Built with insights from the whisper.cpp project.
Most teams struggle here because the hard part is not writing more code, but deciding clear boundaries for audio, results, self so behavior stays predictable as complexity grows.
In practical terms, this chapter helps you avoid three common failures:
- coupling core logic too tightly to one implementation path
- missing the handoff boundaries between setup, execution, and validation
- shipping changes without clear rollback or observability strategy
After working through this chapter, you should be able to reason about Chapter 6: Language & Translation as an operating subsystem inside Whisper.cpp Tutorial: High-Performance Speech Recognition in C/C++, with explicit contracts for inputs, state transitions, and outputs.

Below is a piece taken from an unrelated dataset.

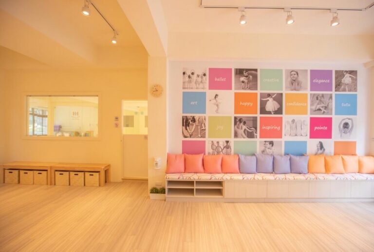 舞動世界不僅要求專業的教學師資,更致力於提供優良的舞蹈教學教室。整體教室環境明亮,簡潔大方的接待櫃台、舒適的家長等候區、提供飲水機及更衣空間,是我們對教室環境高品質的堅持。授課教室備有豐富專業的舞蹈教學教具,教室內部寬敞安全,在燈光、空調、音響,處處皆能看到對孩子的用心。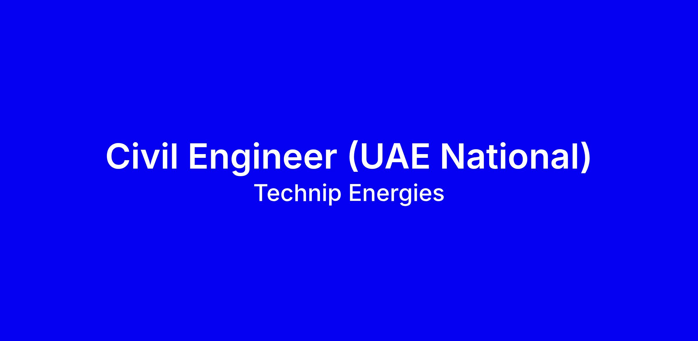Technip Energies is seeking a UAE National Civil Engineer to join the Abu Dhabi team as a site-based full-time role in Ruwais, reporting to the Head of Department. With 6 months to 1 year of civil site supervision experience, you will assist construction activities, ensure work aligns with drawings, specifications and safety standards, coordinate with contractors, monitor progress, support QA/QC and maintain records while upholding HSE. Qualifications include UAE National status, a Diploma or Bachelor in civil engineering (preferred), basic drawing literacy, and strong communication and teamwork. Start ASAP; tips for application: tailor your resume to highlight on-site supervision, safety, QA/QC and collaboration, show Emiratisation alignment, apply online, and monitor your candidate profile during the review.

Use the implementation notes around language, wparams, result as your checklist when adapting these patterns to your own repository.
Under the hood, Chapter 6: Language & Translation usually follows a repeatable control path:
- Context bootstrap: initialize runtime config and prerequisites for
audio. - Input normalization: shape incoming data so
resultsreceives stable contracts. - Core execution: run the main logic branch and propagate intermediate state through
self. - Policy and safety checks: enforce limits, auth scopes, and failure boundaries.
- Output composition: return canonical result payloads for downstream consumers.
- Operational telemetry: emit logs/metrics needed for debugging and performance tuning.
When debugging, walk this sequence in order and confirm each stage has explicit success/failure conditions.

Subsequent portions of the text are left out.